[Task to carry out] In the data below, find the line that contains "1、打开护理助手APP,进入" and the line that contains "Zum Verkauf steht". Copy both, plus every line between them, exactly.

[Data shown]
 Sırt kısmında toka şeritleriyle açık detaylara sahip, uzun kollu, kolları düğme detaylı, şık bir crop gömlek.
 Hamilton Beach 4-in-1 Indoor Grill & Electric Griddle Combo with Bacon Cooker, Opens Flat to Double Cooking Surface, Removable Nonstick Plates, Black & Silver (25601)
==
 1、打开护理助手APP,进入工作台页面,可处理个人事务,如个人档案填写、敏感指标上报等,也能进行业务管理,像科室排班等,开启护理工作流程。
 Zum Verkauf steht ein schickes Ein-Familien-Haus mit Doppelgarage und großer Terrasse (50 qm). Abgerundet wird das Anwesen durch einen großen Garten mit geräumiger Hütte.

[Answer to this exercise]
 1、打开护理助手APP,进入工作台页面,可处理个人事务,如个人档案填写、敏感指标上报等,也能进行业务管理,像科室排班等,开启护理工作流程。
 Zum Verkauf steht ein schickes Ein-Familien-Haus mit Doppelgarage und großer Terrasse (50 qm). Abgerundet wird das Anwesen durch einen großen Garten mit geräumiger Hütte.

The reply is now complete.